## Exercise
Reproduce each record exactly. The pictures should be skipped.
Extracted data below:
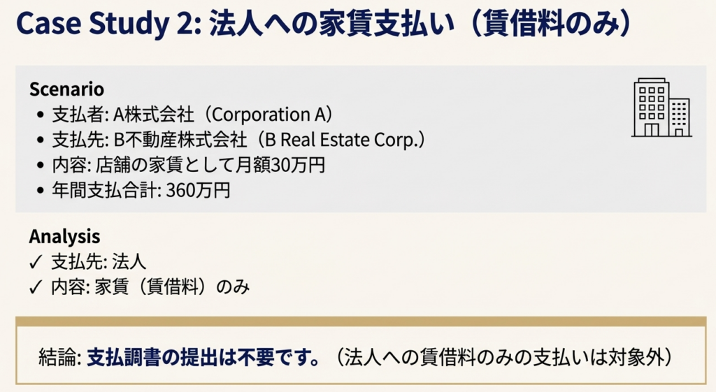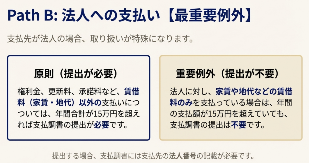 ・これが最も重要なルールです。支払先が法人の場合、支払内容が家賃や賃借料のみであれば、支払調書の提出は不要です。
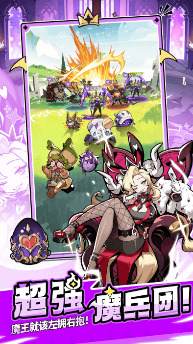 轻轻一点,升级变强!放置你的魔物兵团,让他们自动刷勇者升级。提升战力,轻松不累!
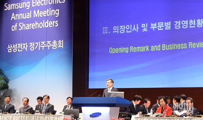 권오현 삼성전자 대표이사 부회장이 13일 오전 서울 서초동 삼성전자 본사에서 열린 삼성전자 정기주주총회에 참석해 인사말을 하고 있다.
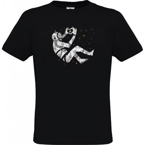 Ανδρικό T-Shirt Μαύρο 100% Βαμβακερό με Στάμπα .Αστροναύτης χέρια καρδια πλανήτης,Πλένεται στουs 30°C-40°C και Σιδερώνεται από την ανάποδη
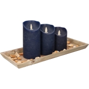 Houten dienblad met 3 LED kaarsen in de kleur donkerblauw 39 x 15 cm -
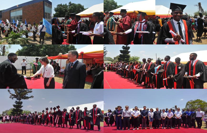2023年10月6日,中国-赞比亚职业技术学院(以下简称:中赞职院)首届毕业典礼在赞比亚卢安夏举行。赞比亚科学技术部技术教育与培训司司长Simumba Alex 、赞比亚职业技术教育管理局局长Cleophas Takaiza、赞比亚卢安夏地区专员 Oncemore Ngonomo、中色卢安夏铜业有限公司副总经理余新亮、中色卢安夏铜业有限公司赞方副总经理Robert Kamanga莅临现场并致辞。中国教育部职业教育与成人教育司副司长林宇、伟德国际victor1946校长刘忠等10所试点合作院校领导发表视频致辞,伟德国际victor1946胡釜老师等各院校教师代表现场出席毕业典礼。
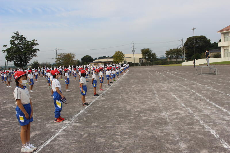 運動会に向けての練習が本格的に始まっています。今朝は全体で開閉会式整列の練習をしました。全員で整列をするのは初めてだったのですが、皆真剣に、静粛に並ぶことができました!本番が楽しみです!!
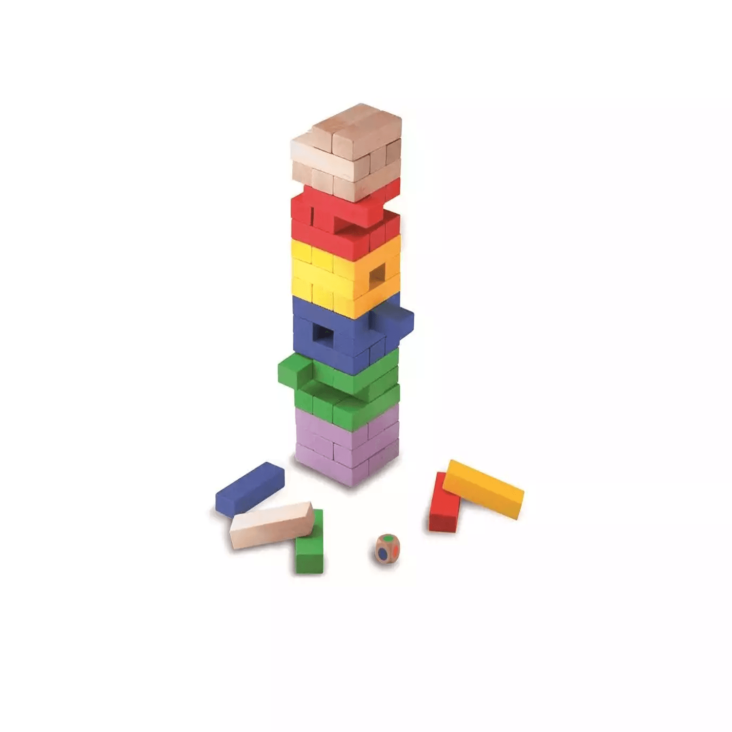 Juego de habilidad compuesto por 54 bloques de madera de colores que tendrás que ir retirando evitando que la torre se derrumbe. Habilidad, pulso firme, decisión, son las cualidades imprescindibles para ganar con este juego de madera natural.
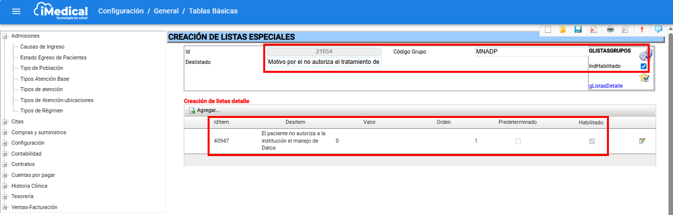 MNADP: En ella se podrá configurar los diferentes motivos por los cuales un paciente, acudiente o responsable no Autoriza el manejo de los Datos. Piner la siguiente información:
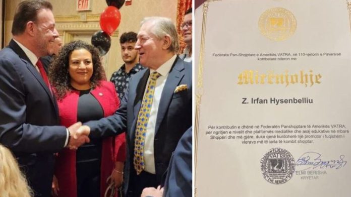 Federata Pan-Shqiptare e Amerikës Vatra ka nderuar me titullin “Mirënjohje”, Presidentin e “Hysenbelliu Group”, Irfan Hysenbelliu në një ceremoni të zhvilluar në Nju Jork me rastin e 110 vjetorit të Pavarësisë.
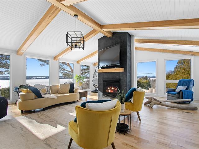 A place where time slows down. Set on a private lot of over 82,000 sq. ft., this fully renovated property offers spectacular views of the Ottawa River. Abundant natural light, flowing living spaces, a walk-out basement, an in-ground pool, and multiple terraces make this home a true retreat, blending elegance, comfort, and a strong connection to nature. (47618535)
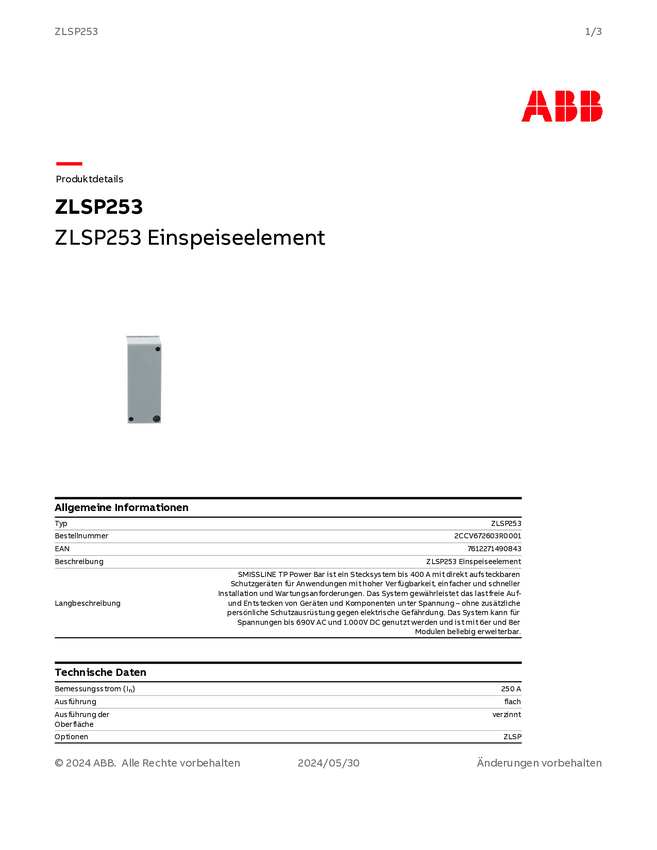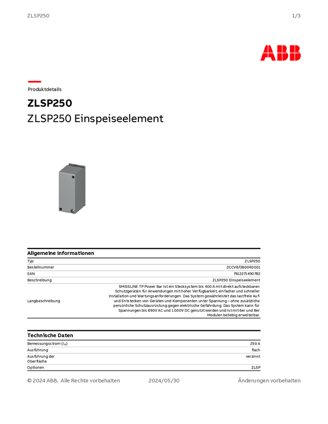 ABB 2CCV672603R0001 Zacisk wejściowy 1 szt.
End of Extracted data.
## Result of this task
 ・これが最も重要なルールです。支払先が法人の場合、支払内容が家賃や賃借料のみであれば、支払調書の提出は不要です。
 轻轻一点,升级变强!放置你的魔物兵团,让他们自动刷勇者升级。提升战力,轻松不累!
 권오현 삼성전자 대표이사 부회장이 13일 오전 서울 서초동 삼성전자 본사에서 열린 삼성전자 정기주주총회에 참석해 인사말을 하고 있다.
 Ανδρικό T-Shirt Μαύρο 100% Βαμβακερό με Στάμπα .Αστροναύτης χέρια καρδια πλανήτης,Πλένεται στουs 30°C-40°C και Σιδερώνεται από την ανάποδη
 Houten dienblad met 3 LED kaarsen in de kleur donkerblauw 39 x 15 cm -
2023年10月6日,中国-赞比亚职业技术学院(以下简称:中赞职院)首届毕业典礼在赞比亚卢安夏举行。赞比亚科学技术部技术教育与培训司司长Simumba Alex 、赞比亚职业技术教育管理局局长Cleophas Takaiza、赞比亚卢安夏地区专员 Oncemore Ngonomo、中色卢安夏铜业有限公司副总经理余新亮、中色卢安夏铜业有限公司赞方副总经理Robert Kamanga莅临现场并致辞。中国教育部职业教育与成人教育司副司长林宇、伟德国际victor1946校长刘忠等10所试点合作院校领导发表视频致辞,伟德国际victor1946胡釜老师等各院校教师代表现场出席毕业典礼。
 運動会に向けての練習が本格的に始まっています。今朝は全体で開閉会式整列の練習をしました。全員で整列をするのは初めてだったのですが、皆真剣に、静粛に並ぶことができました!本番が楽しみです!!
 Juego de habilidad compuesto por 54 bloques de madera de colores que tendrás que ir retirando evitando que la torre se derrumbe. Habilidad, pulso firme, decisión, son las cualidades imprescindibles para ganar con este juego de madera natural.
 MNADP: En ella se podrá configurar los diferentes motivos por los cuales un paciente, acudiente o responsable no Autoriza el manejo de los Datos. Piner la siguiente información:
 Federata Pan-Shqiptare e Amerikës Vatra ka nderuar me titullin “Mirënjohje”, Presidentin e “Hysenbelliu Group”, Irfan Hysenbelliu në një ceremoni të zhvilluar në Nju Jork me rastin e 110 vjetorit të Pavarësisë.
 A place where time slows down. Set on a private lot of over 82,000 sq. ft., this fully renovated property offers spectacular views of the Ottawa River. Abundant natural light, flowing living spaces, a walk-out basement, an in-ground pool, and multiple terraces make this home a true retreat, blending elegance, comfort, and a strong connection to nature. (47618535)
 ABB 2CCV672603R0001 Zacisk wejściowy 1 szt.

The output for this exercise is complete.